# Wildlife Pictures I Took At The Park Today



## SeaBreeze (May 9, 2014)

Here's a couple of pics I took on my walk in the park today...


----------



## Ina (May 9, 2014)

Lovely Sea. When I'm able to walk around and see such wildlife, I know how truly rich I am. :wave:


----------



## SeaBreeze (May 18, 2014)

*Today's walk*


----------



## Kaya (May 18, 2014)

Wish I lived near your park!


----------



## SeaBreeze (May 18, 2014)

I love the wildlife in the area, here's a pear thief behind my back fence several years ago.


----------



## Kaya (May 18, 2014)

What state do you live in, if I may ask? It sure is pretty.

I used to go on long walks with my dogs, but can't do it any more. Hip gives out.


----------



## SeaBreeze (May 18, 2014)

We live in Colorado, and love it here.  Will take some photos on our upcoming camping trip, but a lot of similar ones are already here in my photo albums.  We had a beautiful moose come us close to our camper once and hang out for a good long time, and the weather way schnizzling (rain/snow mix)...my pictures came out too bad to even share.  I have a small pocket camera, buy many times it operator error, lol.   Sorry to hear you're having hip problems, I'm doing good in that department so far (knock on wood).


----------



## Kaya (May 18, 2014)

I have some good friends that live near Cortez. 
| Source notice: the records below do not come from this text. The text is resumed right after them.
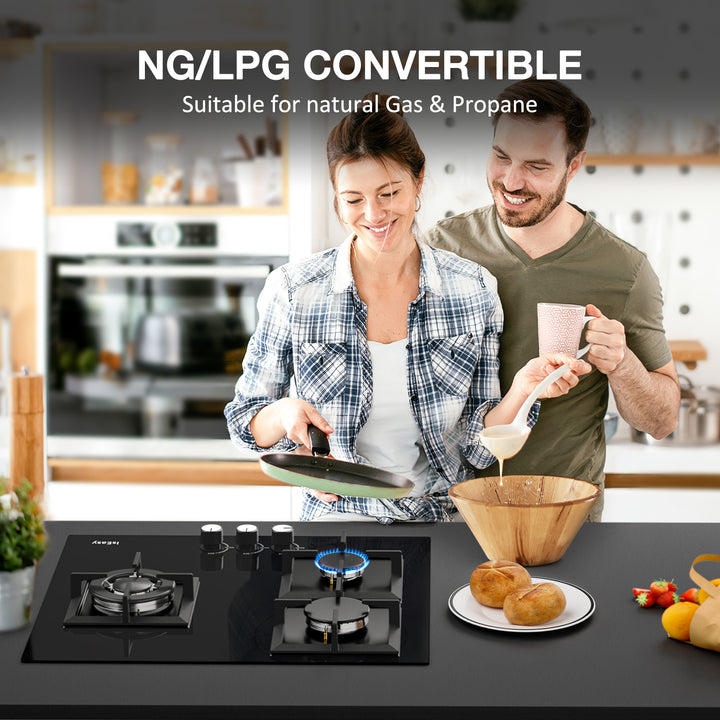 - Installation: the built-in self-sufficient glass 3 gas stove is a plug and play device. Natural gas (20 mbr)/propane gas (30 and 50 mbr). The basic setting is for natural gas and there are two sets conversion kit for propane gas (30 and 50 mbr).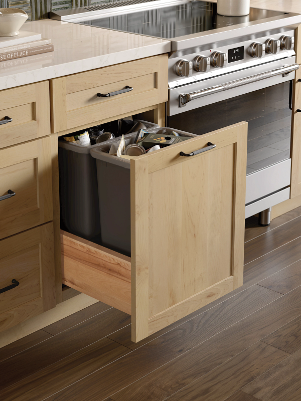 Our Orion door style is a shaker door with 2 1/4” thick styles and rails, 5pc drawer headers are standard, durable hardware and finish, offered in stained hardwood + veneer and painted hardwood + MDF. It features full overlay, soft close doors and drawers with a versatile selection of sizes and options to serve most spaces.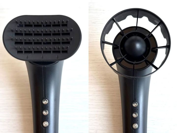 2種のアタッチメントが付属。右:「ブースト アタッチメント」風量を最大化したいときに。右:「ストレート アタッチメント」コームで髪を梳かしながら水分を飛ばすことが可能。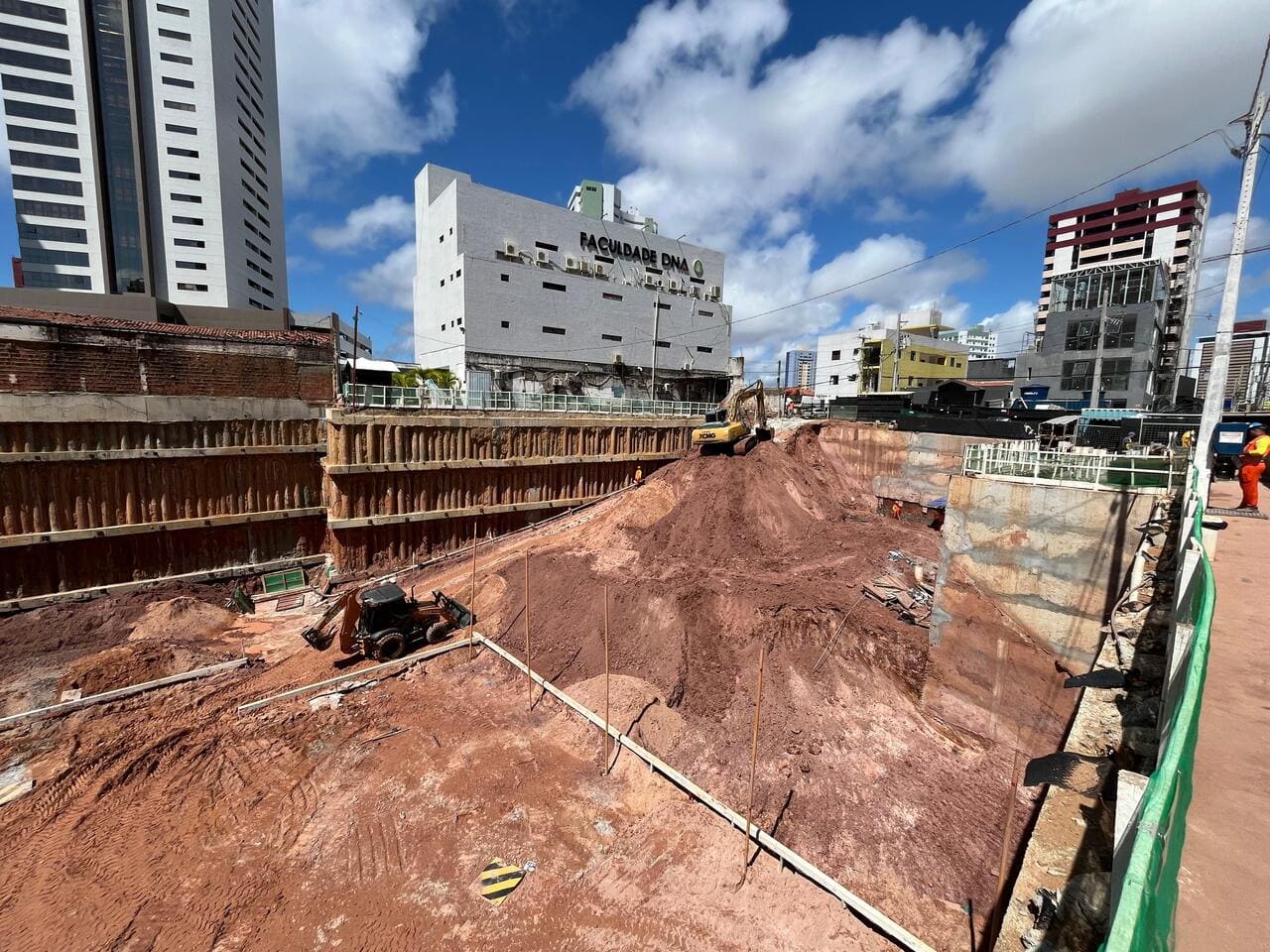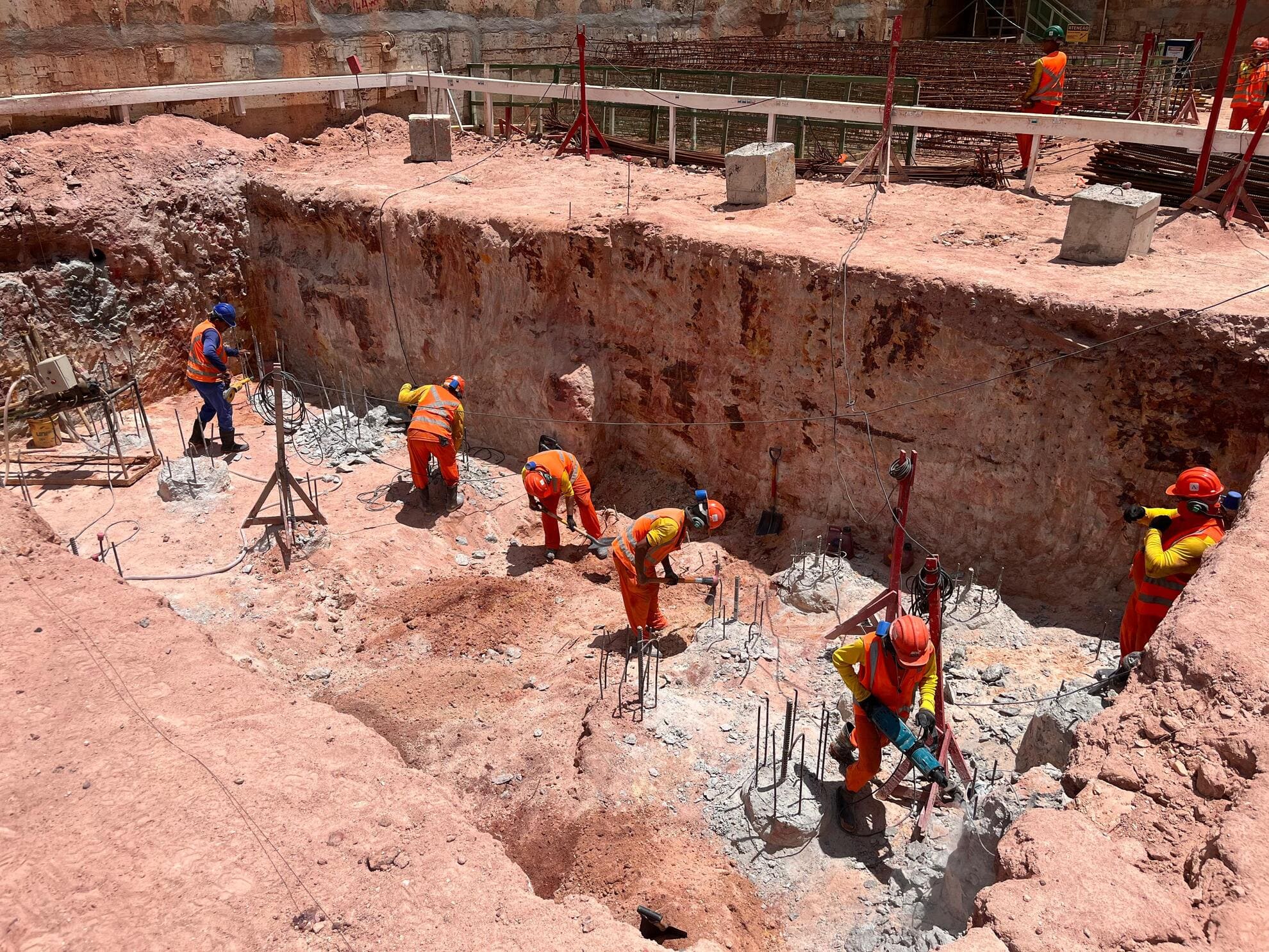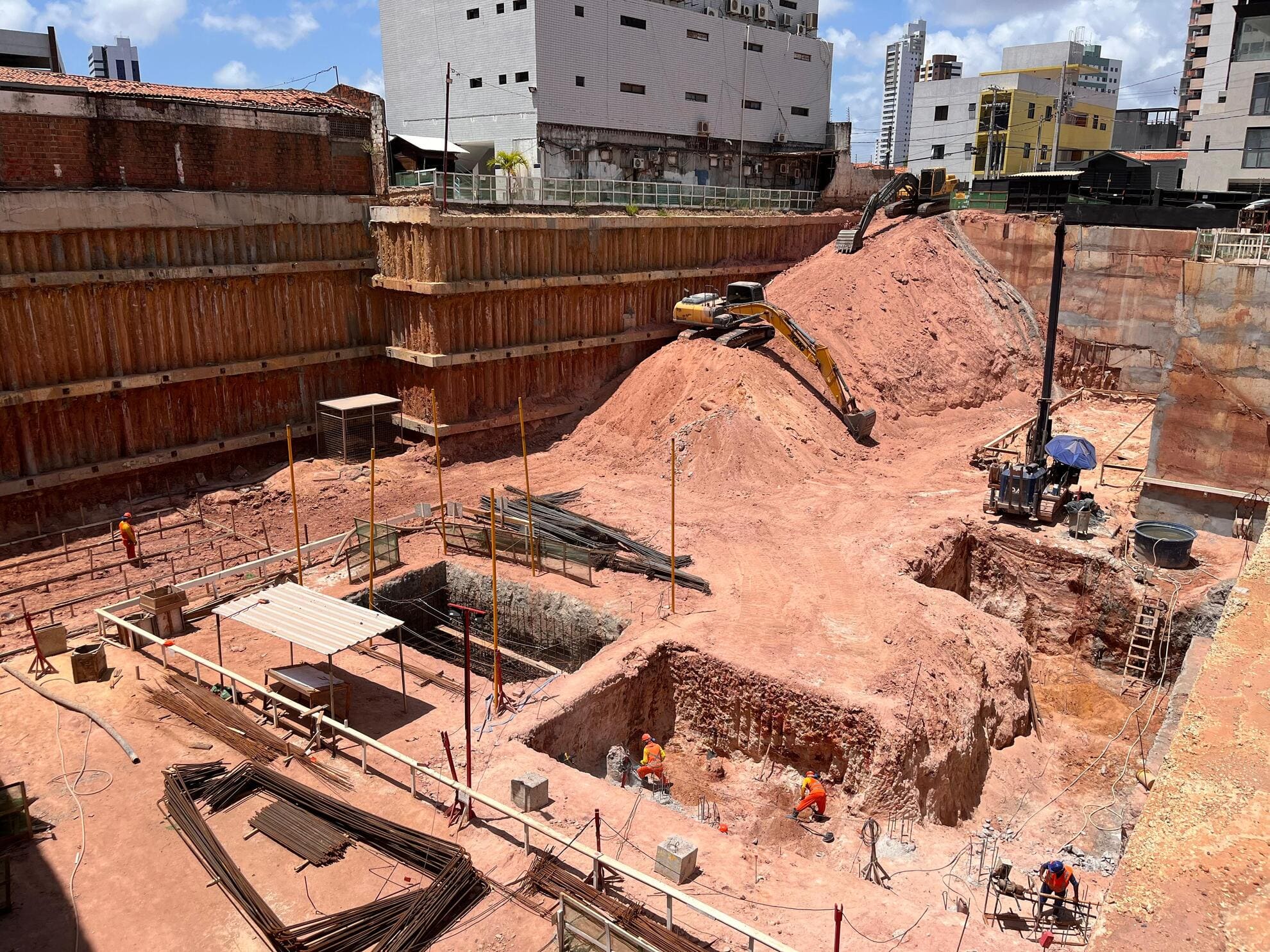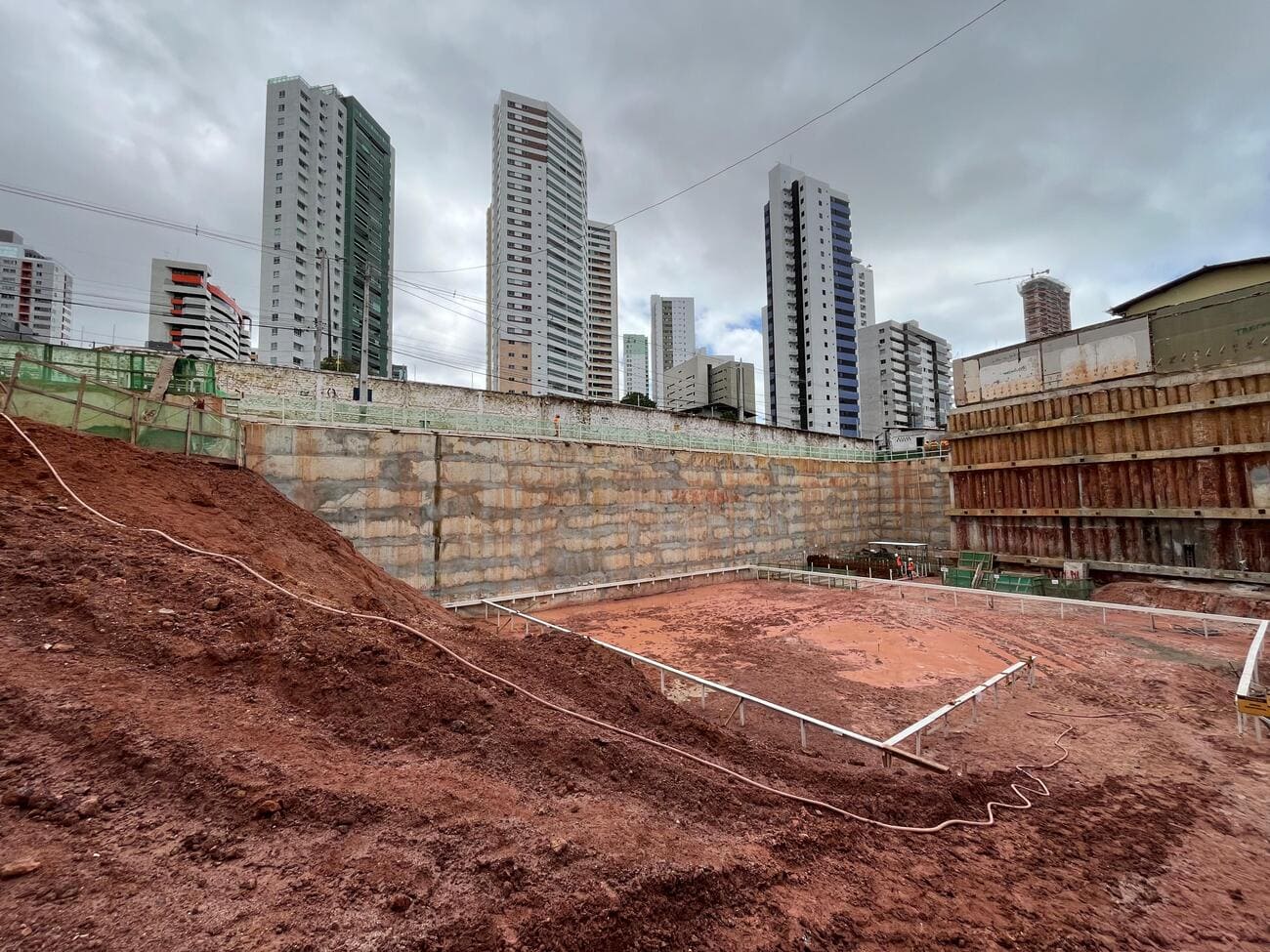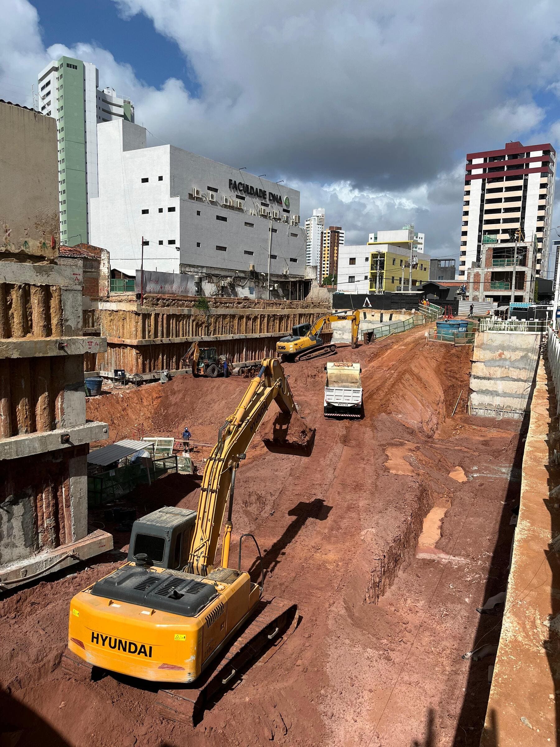 Remoção de terra para abrir espaço para as obras, fundações e instalações subterrâneas.

I am hoping my hip doesn't keep doing this, but I know I can't walk to where I want to walk, which is down by the bay.


----------



## Harley (May 24, 2014)

great pics...


----------



## Meanderer (May 24, 2014)

SeaBreeze said:


> I love the wildlife in the area, here's a pear thief behind my back fence several years ago.
> 
> View attachment 6774


.

He was probably on the job.


----------



## Raven (May 24, 2014)

You have a great park to walk in SeaBreeze and the pictures are a joy to see.


----------



## Raven (May 24, 2014)

Meanderer, I loved your ad for Buck Bartlett Pears.


----------